# [Task]
A verbatim copy is needed of the lines below from the one containing "バッグのリングに取り付けて。" up to and including the one containing "Encantadora ranita con", excluding pictures.

# [Data listing]
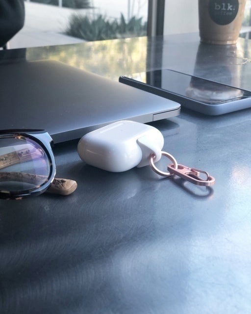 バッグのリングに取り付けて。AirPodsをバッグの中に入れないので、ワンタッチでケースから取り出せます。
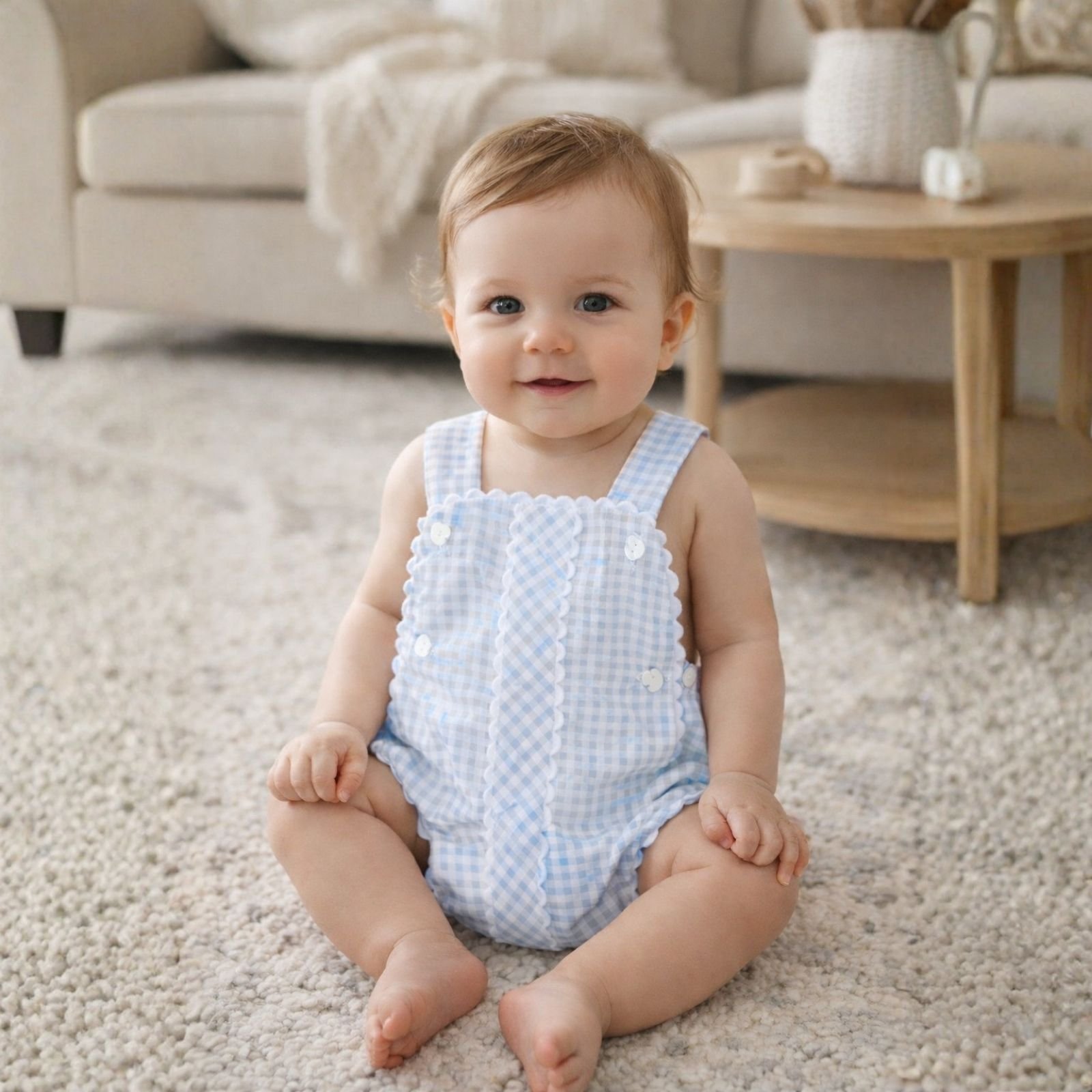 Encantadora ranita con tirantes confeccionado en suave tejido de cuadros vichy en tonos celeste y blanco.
--
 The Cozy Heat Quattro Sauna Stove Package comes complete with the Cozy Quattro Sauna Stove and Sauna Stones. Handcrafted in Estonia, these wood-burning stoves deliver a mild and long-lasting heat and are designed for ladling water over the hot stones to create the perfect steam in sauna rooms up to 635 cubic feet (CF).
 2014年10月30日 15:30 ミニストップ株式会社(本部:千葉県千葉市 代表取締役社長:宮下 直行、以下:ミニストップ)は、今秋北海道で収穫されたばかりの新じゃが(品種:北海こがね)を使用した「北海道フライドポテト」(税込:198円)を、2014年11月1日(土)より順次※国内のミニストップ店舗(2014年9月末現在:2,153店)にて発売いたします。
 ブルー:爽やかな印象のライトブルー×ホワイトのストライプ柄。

# [Result for this task]
 バッグのリングに取り付けて。AirPodsをバッグの中に入れないので、ワンタッチでケースから取り出せます。
 Encantadora ranita con tirantes confeccionado en suave tejido de cuadros vichy en tonos celeste y blanco.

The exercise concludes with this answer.